Cheaper bandwidth or bust: How Google saved YouTube
YouTube, the Web's de-facto video service, is turning 10 this year. The site has become so indispensable that it feels like a basic part of the Internet itself rather than a service that lives on top of it. YouTube is just the place to put videos, and it's used by everyone from individuals to billion-dollar companies. It's obvious to say, but YouTube revolutionized Web video. It made video uploading and playback almost as easy as uploading a picture, handled all the bandwidth costs, and it allowed anyone to embed those videos onto other sites.
The scale of YouTube gets more breathtaking every year. It has a billion users in 61 languages, and 12 days of video are uploaded to the site every minute—that's almost 50 years of video every day. The site just continues growing. The number of hours watched on YouTube is up 50 percent from last year.

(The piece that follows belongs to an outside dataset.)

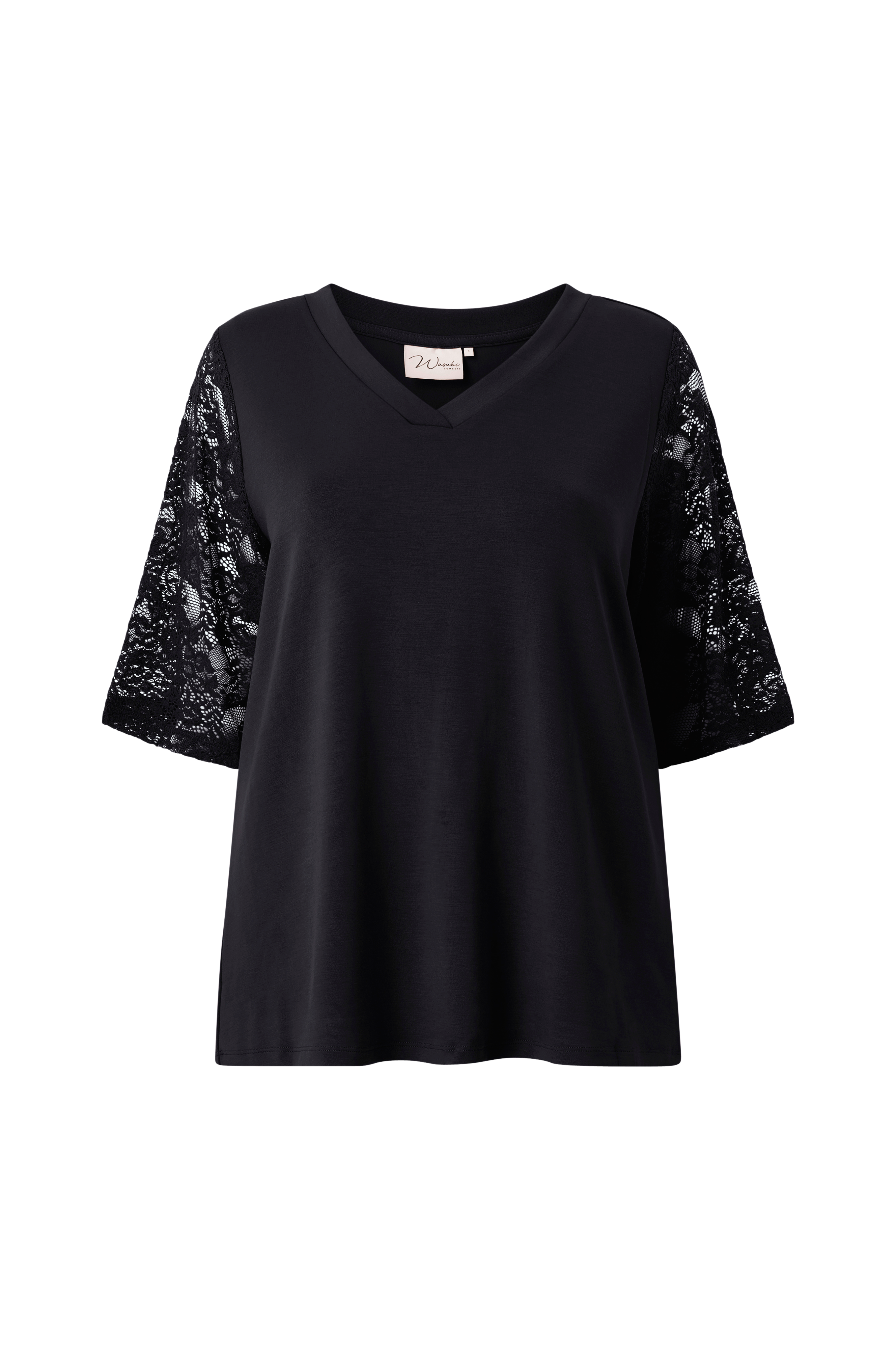 • Top i blød, elastisk jersey• V-formet halsudskæring• Halvlange ærmer i blonde• Plusstørrelser

It's easy to forget YouTube almost didn't make it. Survival for the site was a near-constant battle in the early days. The company not only fought the bandwidth monster, but it faced an army of lawyers from various media companies that all wanted to shut the video service down. But thanks to cash backing from Google, the site was able to fend off the lawyers. And by staying at the forefront of Web and server technology, YouTube managed to serve videos to the entire Internet without being bankrupted by bandwidth bills.